*** Opening EXCERPTED RECORDS ***
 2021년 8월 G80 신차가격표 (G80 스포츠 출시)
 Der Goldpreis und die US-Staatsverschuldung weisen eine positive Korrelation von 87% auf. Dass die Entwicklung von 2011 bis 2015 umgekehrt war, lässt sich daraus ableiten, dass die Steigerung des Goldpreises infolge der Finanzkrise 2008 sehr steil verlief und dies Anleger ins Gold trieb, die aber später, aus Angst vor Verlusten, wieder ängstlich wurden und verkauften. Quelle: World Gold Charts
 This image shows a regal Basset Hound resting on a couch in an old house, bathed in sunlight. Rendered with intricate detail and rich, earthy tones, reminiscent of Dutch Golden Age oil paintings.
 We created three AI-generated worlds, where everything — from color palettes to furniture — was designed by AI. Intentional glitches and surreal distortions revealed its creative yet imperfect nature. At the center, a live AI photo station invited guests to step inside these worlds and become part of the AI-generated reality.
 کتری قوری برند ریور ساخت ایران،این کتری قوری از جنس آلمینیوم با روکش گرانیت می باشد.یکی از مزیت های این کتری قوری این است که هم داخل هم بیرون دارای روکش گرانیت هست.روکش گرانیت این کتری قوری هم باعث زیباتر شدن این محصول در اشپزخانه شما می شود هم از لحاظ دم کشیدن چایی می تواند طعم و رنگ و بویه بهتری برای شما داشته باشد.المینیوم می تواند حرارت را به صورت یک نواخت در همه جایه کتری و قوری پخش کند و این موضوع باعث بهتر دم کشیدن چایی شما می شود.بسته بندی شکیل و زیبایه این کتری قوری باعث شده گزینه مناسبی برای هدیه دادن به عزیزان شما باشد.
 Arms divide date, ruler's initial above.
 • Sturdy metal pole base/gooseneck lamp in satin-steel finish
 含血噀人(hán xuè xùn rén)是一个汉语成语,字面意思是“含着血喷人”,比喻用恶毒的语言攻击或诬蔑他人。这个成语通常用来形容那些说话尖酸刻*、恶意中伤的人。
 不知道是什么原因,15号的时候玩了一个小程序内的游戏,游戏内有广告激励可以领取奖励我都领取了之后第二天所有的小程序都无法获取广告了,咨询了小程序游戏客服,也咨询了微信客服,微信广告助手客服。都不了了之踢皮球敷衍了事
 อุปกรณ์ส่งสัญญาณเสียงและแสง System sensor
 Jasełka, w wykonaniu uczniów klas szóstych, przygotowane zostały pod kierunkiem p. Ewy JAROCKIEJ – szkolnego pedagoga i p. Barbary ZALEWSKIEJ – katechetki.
*** Closing EXCERPTED RECORDS ***
- _WORK TO BE COMPLETED_
The task here is to output the line with "We created three" and all lines after it to the end of the records above, exactly and only those.

- _ANSWER SECTION_
 We created three AI-generated worlds, where everything — from color palettes to furniture — was designed by AI. Intentional glitches and surreal distortions revealed its creative yet imperfect nature. At the center, a live AI photo station invited guests to step inside these worlds and become part of the AI-generated reality.
 کتری قوری برند ریور ساخت ایران،این کتری قوری از جنس آلمینیوم با روکش گرانیت می باشد.یکی از مزیت های این کتری قوری این است که هم داخل هم بیرون دارای روکش گرانیت هست.روکش گرانیت این کتری قوری هم باعث زیباتر شدن این محصول در اشپزخانه شما می شود هم از لحاظ دم کشیدن چایی می تواند طعم و رنگ و بویه بهتری برای شما داشته باشد.المینیوم می تواند حرارت را به صورت یک نواخت در همه جایه کتری و قوری پخش کند و این موضوع باعث بهتر دم کشیدن چایی شما می شود.بسته بندی شکیل و زیبایه این کتری قوری باعث شده گزینه مناسبی برای هدیه دادن به عزیزان شما باشد.
 Arms divide date, ruler's initial above.
 • Sturdy metal pole base/gooseneck lamp in satin-steel finish
 含血噀人(hán xuè xùn rén)是一个汉语成语,字面意思是“含着血喷人”,比喻用恶毒的语言攻击或诬蔑他人。这个成语通常用来形容那些说话尖酸刻*、恶意中伤的人。
 不知道是什么原因,15号的时候玩了一个小程序内的游戏,游戏内有广告激励可以领取奖励我都领取了之后第二天所有的小程序都无法获取广告了,咨询了小程序游戏客服,也咨询了微信客服,微信广告助手客服。都不了了之踢皮球敷衍了事
 อุปกรณ์ส่งสัญญาณเสียงและแสง System sensor
 Jasełka, w wykonaniu uczniów klas szóstych, przygotowane zostały pod kierunkiem p. Ewy JAROCKIEJ – szkolnego pedagoga i p. Barbary ZALEWSKIEJ – katechetki.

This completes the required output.